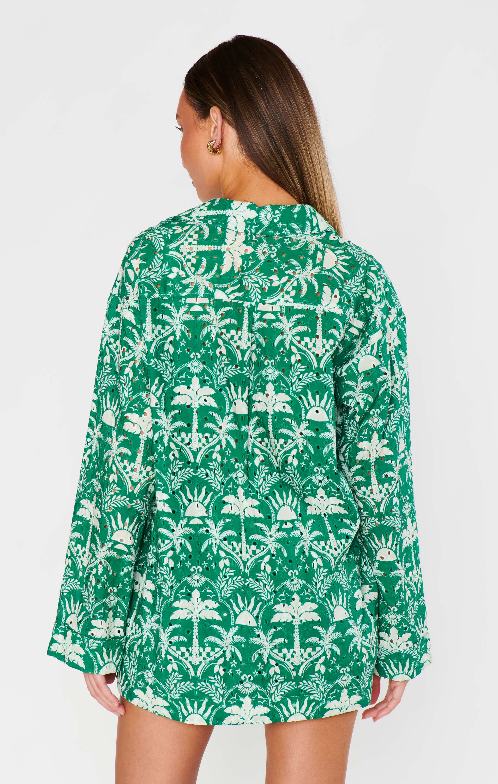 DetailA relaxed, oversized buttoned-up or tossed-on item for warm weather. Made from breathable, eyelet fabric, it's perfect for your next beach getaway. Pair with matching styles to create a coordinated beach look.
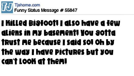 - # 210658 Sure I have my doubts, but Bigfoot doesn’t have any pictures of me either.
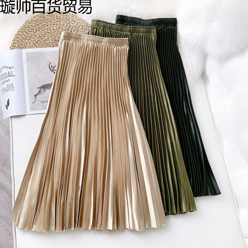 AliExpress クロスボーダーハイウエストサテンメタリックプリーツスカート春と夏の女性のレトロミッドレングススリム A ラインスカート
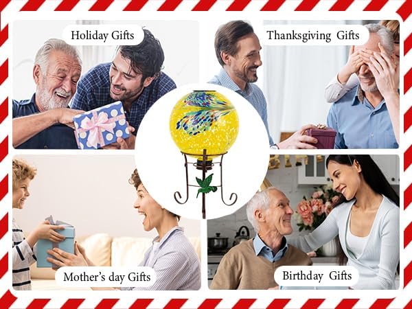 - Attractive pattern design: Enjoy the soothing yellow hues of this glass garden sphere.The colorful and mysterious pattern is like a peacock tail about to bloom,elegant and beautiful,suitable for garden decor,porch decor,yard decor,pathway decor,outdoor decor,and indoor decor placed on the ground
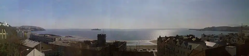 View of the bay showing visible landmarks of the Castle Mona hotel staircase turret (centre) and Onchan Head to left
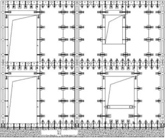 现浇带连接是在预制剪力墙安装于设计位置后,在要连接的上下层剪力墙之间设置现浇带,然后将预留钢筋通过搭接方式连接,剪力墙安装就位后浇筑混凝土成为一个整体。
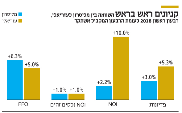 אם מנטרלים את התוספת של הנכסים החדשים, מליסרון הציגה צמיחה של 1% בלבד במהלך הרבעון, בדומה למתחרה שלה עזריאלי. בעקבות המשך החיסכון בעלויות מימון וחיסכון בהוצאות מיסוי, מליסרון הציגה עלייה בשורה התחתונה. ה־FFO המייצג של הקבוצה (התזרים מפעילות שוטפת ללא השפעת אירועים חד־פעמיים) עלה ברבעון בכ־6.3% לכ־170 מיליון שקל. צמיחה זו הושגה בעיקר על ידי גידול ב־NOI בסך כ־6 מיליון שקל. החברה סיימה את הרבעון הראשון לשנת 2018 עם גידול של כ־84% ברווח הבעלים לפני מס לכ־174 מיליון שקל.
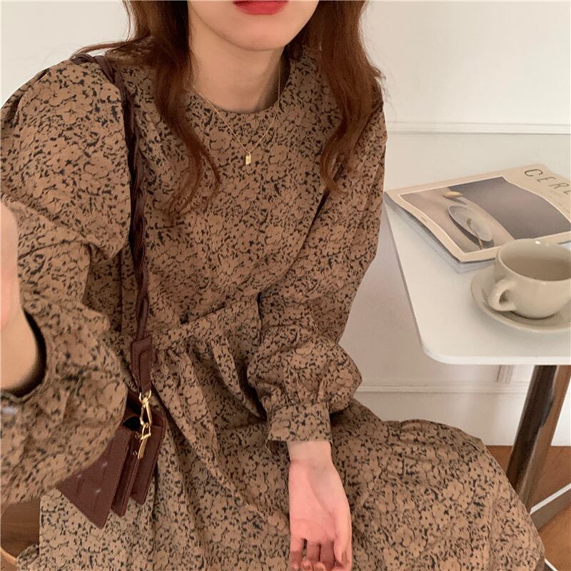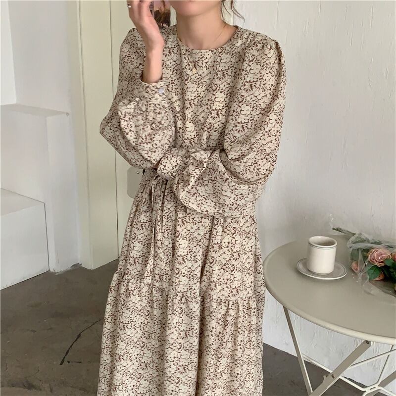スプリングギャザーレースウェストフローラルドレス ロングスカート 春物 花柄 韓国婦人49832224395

* * *

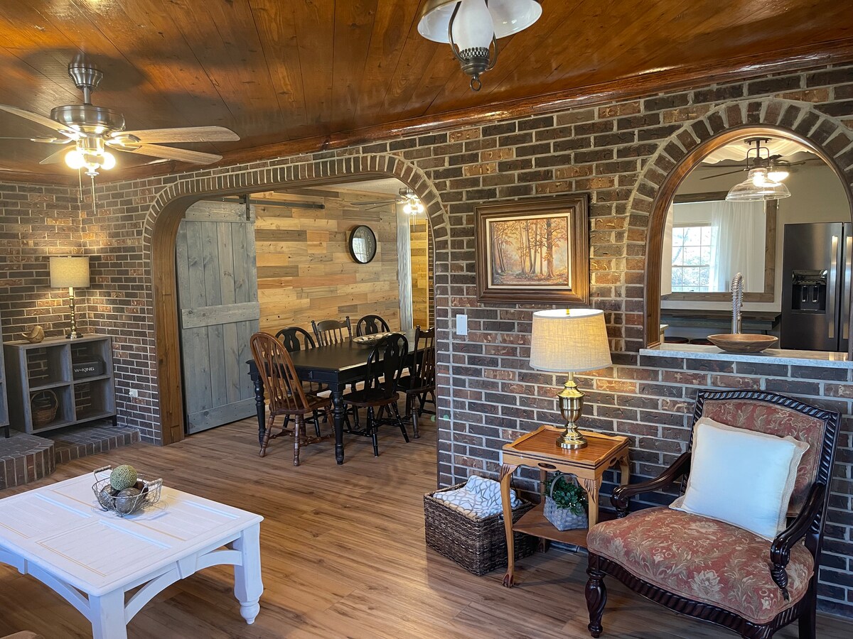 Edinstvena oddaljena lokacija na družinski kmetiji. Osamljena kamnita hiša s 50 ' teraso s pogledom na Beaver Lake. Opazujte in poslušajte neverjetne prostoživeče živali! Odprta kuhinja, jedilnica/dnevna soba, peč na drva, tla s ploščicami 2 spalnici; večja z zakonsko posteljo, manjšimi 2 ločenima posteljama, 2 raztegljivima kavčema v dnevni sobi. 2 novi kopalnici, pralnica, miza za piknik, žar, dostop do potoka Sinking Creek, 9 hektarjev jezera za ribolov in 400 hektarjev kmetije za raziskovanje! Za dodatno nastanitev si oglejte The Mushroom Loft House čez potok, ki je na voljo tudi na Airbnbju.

---

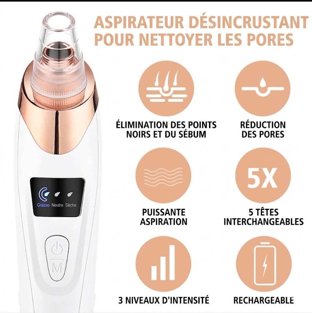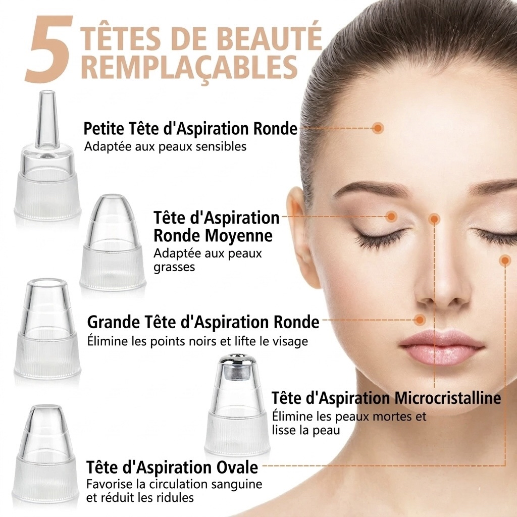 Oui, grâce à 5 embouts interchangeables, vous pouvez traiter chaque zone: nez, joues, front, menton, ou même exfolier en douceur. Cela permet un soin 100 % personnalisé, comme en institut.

> [ABOUT THIS EXERCISE] Print exactly, with no pictures, the lines above from the one that holds "DetailA relaxed, oversized" through the one that holds "スプリングギャザーレースウェストフローラルドレス ロングスカート 春物", both of them included.

> [ANSWER]
 DetailA relaxed, oversized buttoned-up or tossed-on item for warm weather. Made from breathable, eyelet fabric, it's perfect for your next beach getaway. Pair with matching styles to create a coordinated beach look.
 - # 210658 Sure I have my doubts, but Bigfoot doesn’t have any pictures of me either.
 AliExpress クロスボーダーハイウエストサテンメタリックプリーツスカート春と夏の女性のレトロミッドレングススリム A ラインスカート
 - Attractive pattern design: Enjoy the soothing yellow hues of this glass garden sphere.The colorful and mysterious pattern is like a peacock tail about to bloom,elegant and beautiful,suitable for garden decor,porch decor,yard decor,pathway decor,outdoor decor,and indoor decor placed on the ground
 View of the bay showing visible landmarks of the Castle Mona hotel staircase turret (centre) and Onchan Head to left
 现浇带连接是在预制剪力墙安装于设计位置后,在要连接的上下层剪力墙之间设置现浇带,然后将预留钢筋通过搭接方式连接,剪力墙安装就位后浇筑混凝土成为一个整体。
 אם מנטרלים את התוספת של הנכסים החדשים, מליסרון הציגה צמיחה של 1% בלבד במהלך הרבעון, בדומה למתחרה שלה עזריאלי. בעקבות המשך החיסכון בעלויות מימון וחיסכון בהוצאות מיסוי, מליסרון הציגה עלייה בשורה התחתונה. ה־FFO המייצג של הקבוצה (התזרים מפעילות שוטפת ללא השפעת אירועים חד־פעמיים) עלה ברבעון בכ־6.3% לכ־170 מיליון שקל. צמיחה זו הושגה בעיקר על ידי גידול ב־NOI בסך כ־6 מיליון שקל. החברה סיימה את הרבעון הראשון לשנת 2018 עם גידול של כ־84% ברווח הבעלים לפני מס לכ־174 מיליון שקל.
スプリングギャザーレースウェストフローラルドレス ロングスカート 春物 花柄 韓国婦人49832224395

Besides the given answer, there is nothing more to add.